Numerical Analysis of Dental Caries Effect on the Biomechanical Behavior of the Periodontal System

[+] Author and Article Information
Ali Merdji

Laboratory of Mechanical Physical of Materials,
Department of Mechanical Engineering,
Sidi Bel Abbes University,
Sidi Bel Abbes 22000, Algeria;
Medical Engineering Research Group,
Faculty of Science and Technology,
Anglia Ruskin University Bishop Hall Lane,
Chelmsford, Essex CM1 1SQ, UK

Noureddine Della, Ali Benaissa

Faculty of Science and Technology,
Mascara University,
Mascara 29000, Algeria

Bel-Abbes Bachir Bouiadjra, Boualem Serier

Laboratory of Mechanical Physical of Materials,
Department of Mechanical Engineering,
Sidi Bel Abbes University,
Sidi Bel Abbes 22000, Algeria

Rajshree Mootanah

Medical Engineering Research Group,
Faculty of Science and Technology,
Anglia Ruskin University Bishop Hall Lane,
Chelmsford, Essex CM1 1SQ, UK

Iyad Muslih

Department of Mechanical and
Industrial Engineering,
Applied Science University,
Amman 11931, Jordan

Osama M. Mukdadi

Department of Mechanical and
Aerospace Engineering,
West Virginia University,
Morgantown, WV 26506;
Department of Mechanical Engineering,
Khalifa University of Science,
Technology and Research,
Abu Dhabi, United Arab Emirates
e-mail: sam.mukdadi@mail.wvu.edu

1Corresponding author.

Manuscript received August 16, 2015; final manuscript received January 20, 2016; published online March 17, 2016. Assoc. Editor: Charalabos Doumanidis.

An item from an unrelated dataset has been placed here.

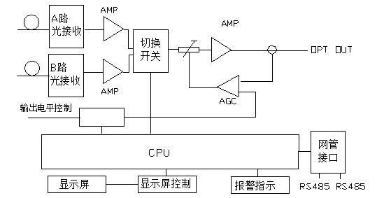 (2)通道控制电路:采用了GAINCOM公司通道快速切换技术,通道切换时间为5ms左右,大大低于同行20ms的水平,在直观效果上没有闪烁感。正常使用时,工作在A路,当A路入口光功率低于-6dB时,自动切换到B路,如果B路入口光功率也低于-6dB,A路不切换。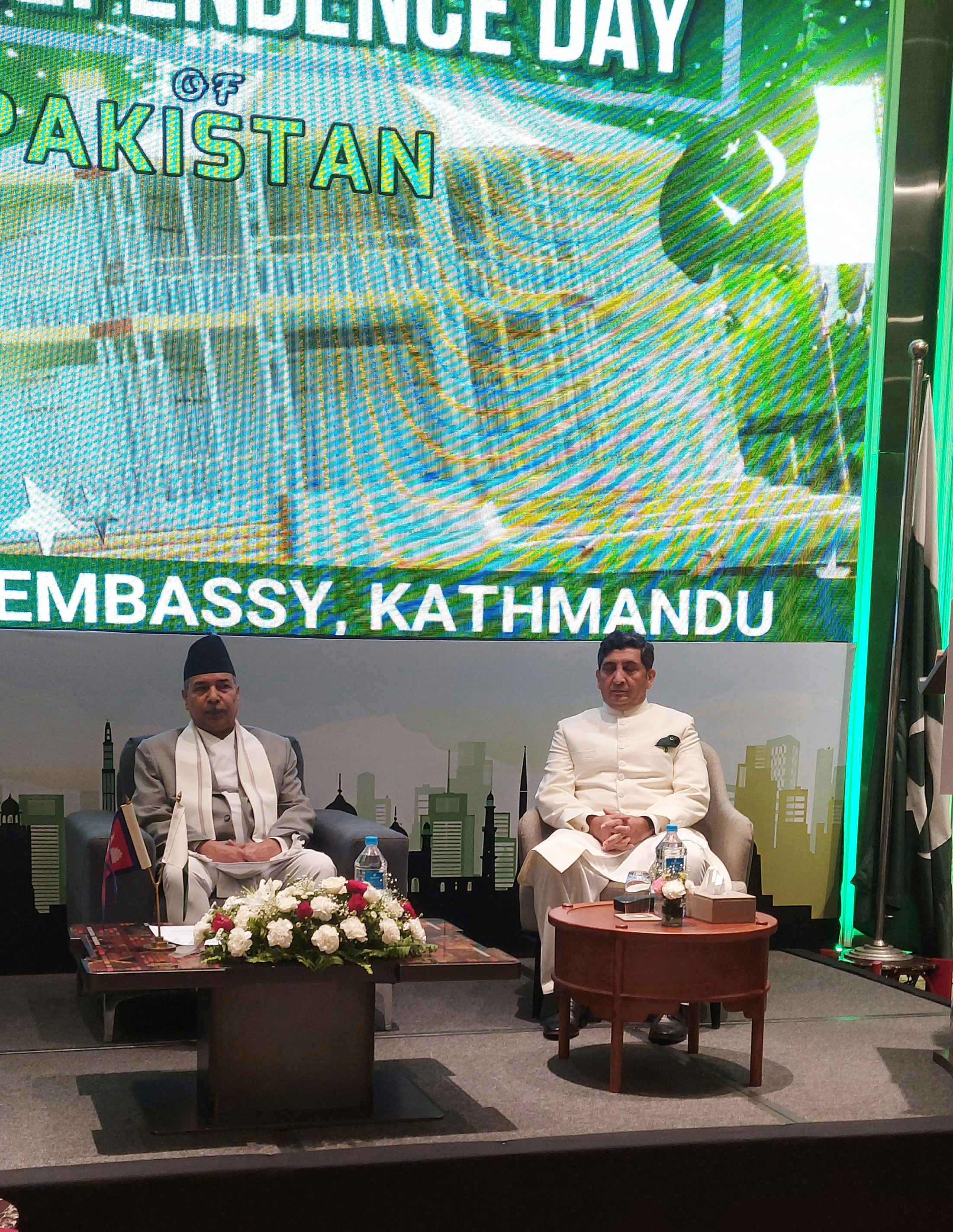 पाकिस्तानको ७८ औँ स्वतन्त्रता दिवसका अवसरमा उपराष्ट्रपति रामसहायप्रसाद यादवको प्रमुख आतिथ्यमा बुधबार साँझ यहाँ आयोजित स्वागत समारोहमा उहाँले नेपाललाई पाकिस्तानले निरन्तर सहयोग गर्ने बताउनुभयो ।

J. Nanotechnol. Eng. Med 6(3), 031004 (Mar 17, 2016) (7 pages) Paper No: NANO-15-1066; doi: 10.1115/1.4032689 History: Received August 16, 2015; Revised January 20, 2016

The aim of this study was to investigate the effect of dental caries on the stability of the periodontal system. This study presents a numerical analysis performed with three-dimensional (3D) finite element (FE) method to evaluate stresses in the bone surrounding the tooth with dynamic mastication combined loadings. In this work, we present a comparative study on infected and healthy periodontal systems. The infected tooth was modeled and a caries defect was introduced to the tooth coronal part. The infected tooth was evaluated and equivalent von Mises interface stress values were obtained for comparison with the ones exhibited by the healthy tooth. Our results by 3D FE analysis indicated that maximum stresses occurred primarily at the cervical level of root and alveolar bone. In the cortical bone, the stress value was greater in infected system (21.641 MPa) than in healthy system (15.752 MPa), i.e., a 37.4% increase. However, in the trabecular bone we observed only 1.6% increase in the equivalent stress values for the infected tooth model. Stress concentration at the cervical level may cause abnormal bone remodeling or bone loss, resulting loss of tooth attachment or bone damage. Our findings showed that decayed single-rooted teeth are more vulnerable to apical root resorption than healthy teeth. The numerical method presented in this study not only can aid the elucidation of the biomechanics of teeth infected by caries but also can be implemented to investigate the effectiveness of new advanced restorative materials and protocols.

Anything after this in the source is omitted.